It began yesterday evening as the grand kids were playing in the living room. I suddenly without warning felt an absolute panic at the disorder of the room. I began to pick up, and as I got to the middle and side tables, which had a mountain of random magazines, papers, notepad, books, etc. surrounding my husband (the way he likes it) Things went south quickly. I don’t know what he said, because I could only see the mess and my ears were beginning to ring. But he in someway indicated for me to leave his stuff alone. I don’t remember snapping, but the next thing I knew we were in all out war over this mess that is making me feel chaotic. It’s such an overwhelming feeling.
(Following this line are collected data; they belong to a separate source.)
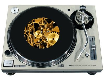 High quality felt turntable slipmat imprinted with an image of Clockwork 1. The mat is regular thickness (3/32" or 2mm) and is sized to fit any 7 inch turntable. It is anti static, has a glazed bottom to grip and avoid slippage, feels great and works well for scratching or just playing your records. The image is impregnated into the surface of the mat, so it cannot scratch off or damage the record.
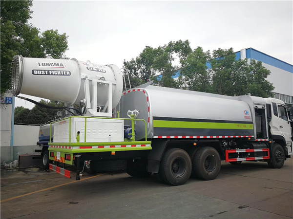 抑塵車又稱為:霧炮車、噴藥車。霧炮車噴射的水霧顆粒達(dá)到微米級(jí),能有效分解空氣中的污染顆粒物、塵埃等,在霧霾天氣下用于降塵除霧,可以有效的緩解霧霾,其節(jié)水的特性同樣也可以用作灑水車使用。霧炮車還可以降塵、灑水,把樹上的灰塵洗掉。霧炮車噴灑出的水霧與懸浮在空氣中的PM2.5和PM10粉塵顆粒吸附、聚合、沉降,達(dá)到消除污染物和減霾的目的。盡管霧炮口徑巨大,但其噴灑耗水量?jī)H為傳統(tǒng)灑水車的兩到三成,覆蓋面積和除塵效率卻高出20倍。既提高效率,也避免路面積水影響交通。
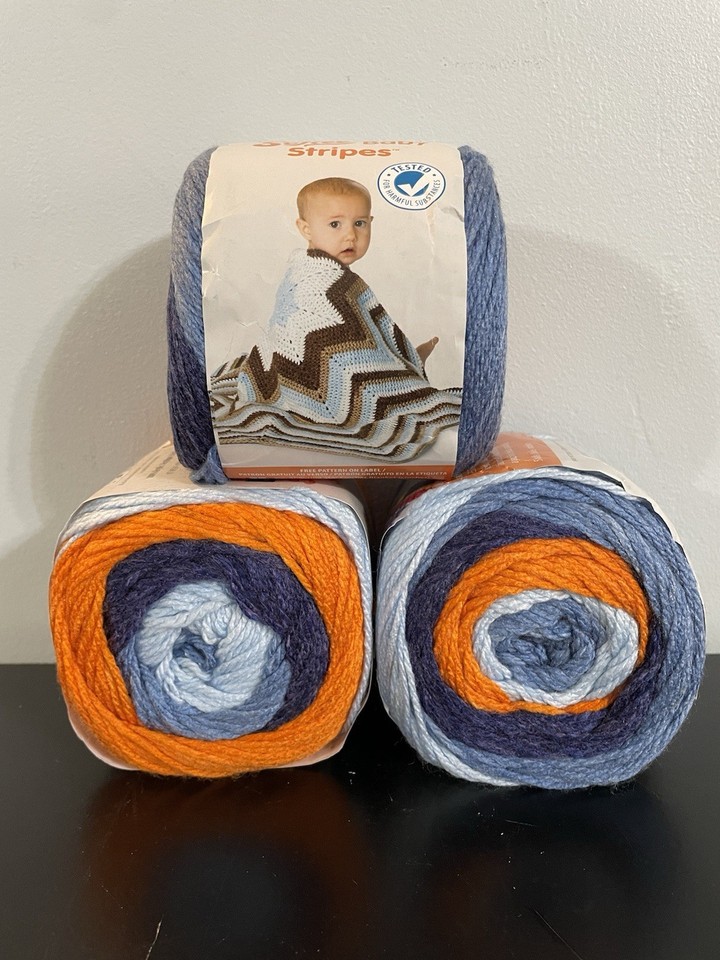 Lot Of 3 Bernat Softee Baby Stripes Yarn. Blue Jeans Stripe. 120g Ea. Preowned
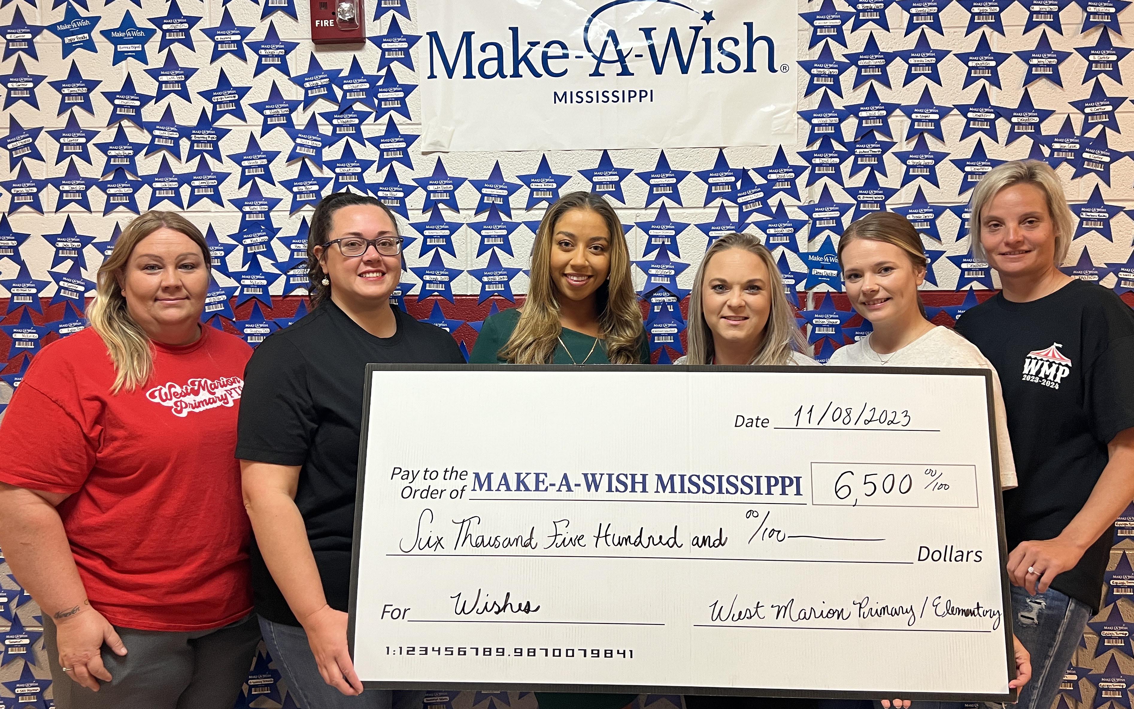 On Wednesday Nov. 8, 2023, West Marion Primary PTO and West Marion Elementary PTO were able to present a check to cover the full average cost of a single wish to Make-A-Wish Mississippi Volunteer Leticia Bezerra.
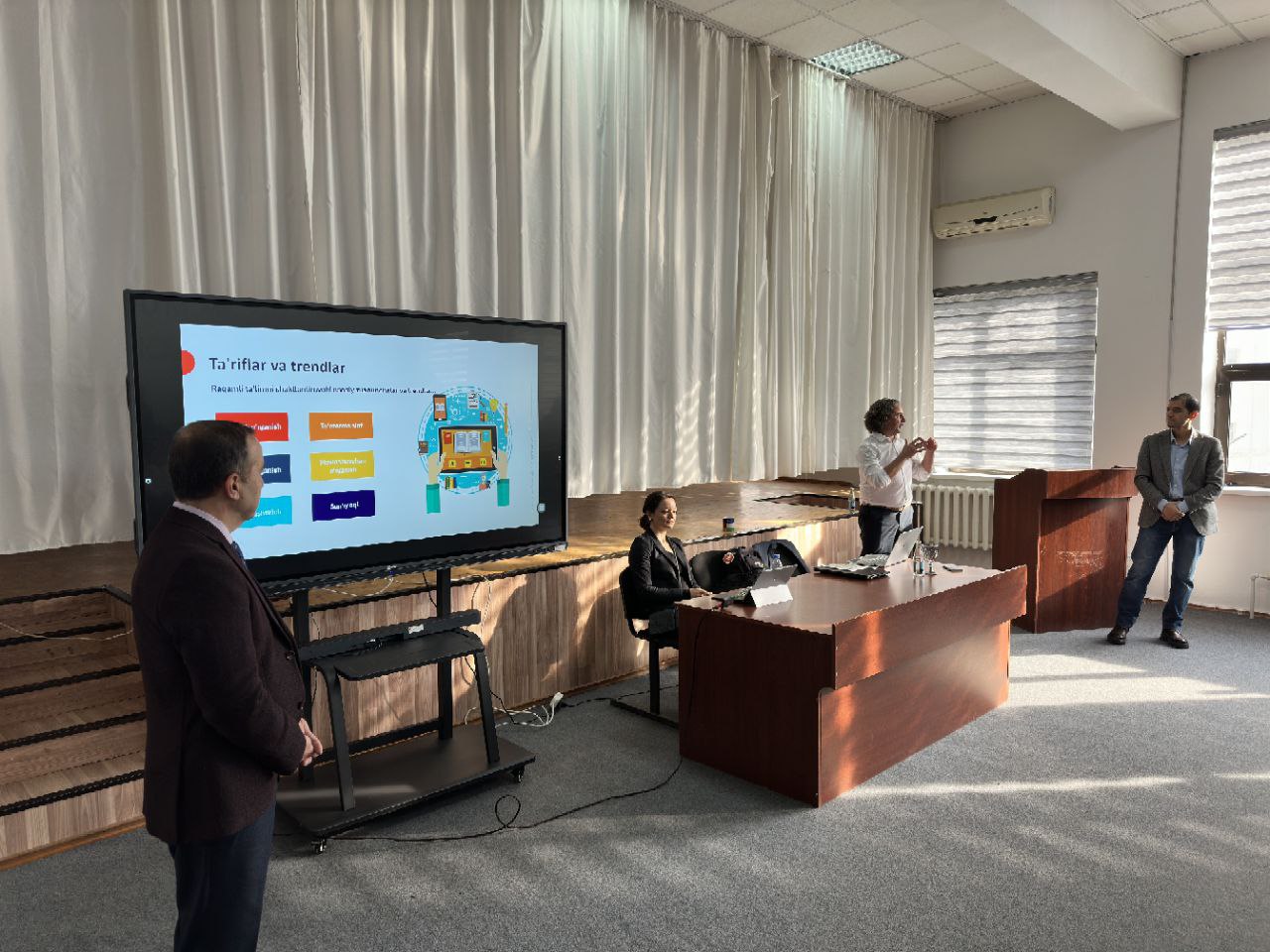 Seminar-trening halqaro ekspertlar Hörfurter Andreas va Bahram Atabeyli tomonidan olib borilib, unda raqamli va aralash ta’lim, onlayn vositalar, raqamli ta’limning pedagogik nazariyalari va konsepsiyalar, raqamlashtirishning moliyaviy jihatlari, raqamlashtirishda hamkorlik va tarmoqlarni yaratish, raqamli o‘qitishda multimedia materiallar, raqamli transformatsiyada boshqaruvni o‘zgartirish, mobil o‘qitish va «teskari sinf» tizimi kabi mavzular qamrab olingan.

I quickly took a tranquilizer and went outside to calm down. I didn’t even throw anything this time or slam any doors. I knew I was just overloaded and this too would pass. I was able to get some relief after a bit from med, but still, even as I came back into the room, the kids and tv and his voice were so loud. It hurt even my skin and muscles. I could feel every noise like needles poking relentlessly at me. This is so hard to explain even to those who have lived with me. I kept asking him to please talk quieter to the point where I had to go in my room and cover my ears.
The sensitivity did eventually subside as the med kicked in fully. I was able to enjoy the remainder of the time with my grand children and fighting was put behind us. Feeling the residual rubber band sensation in my arms and back even now, but at least it’s tolerable.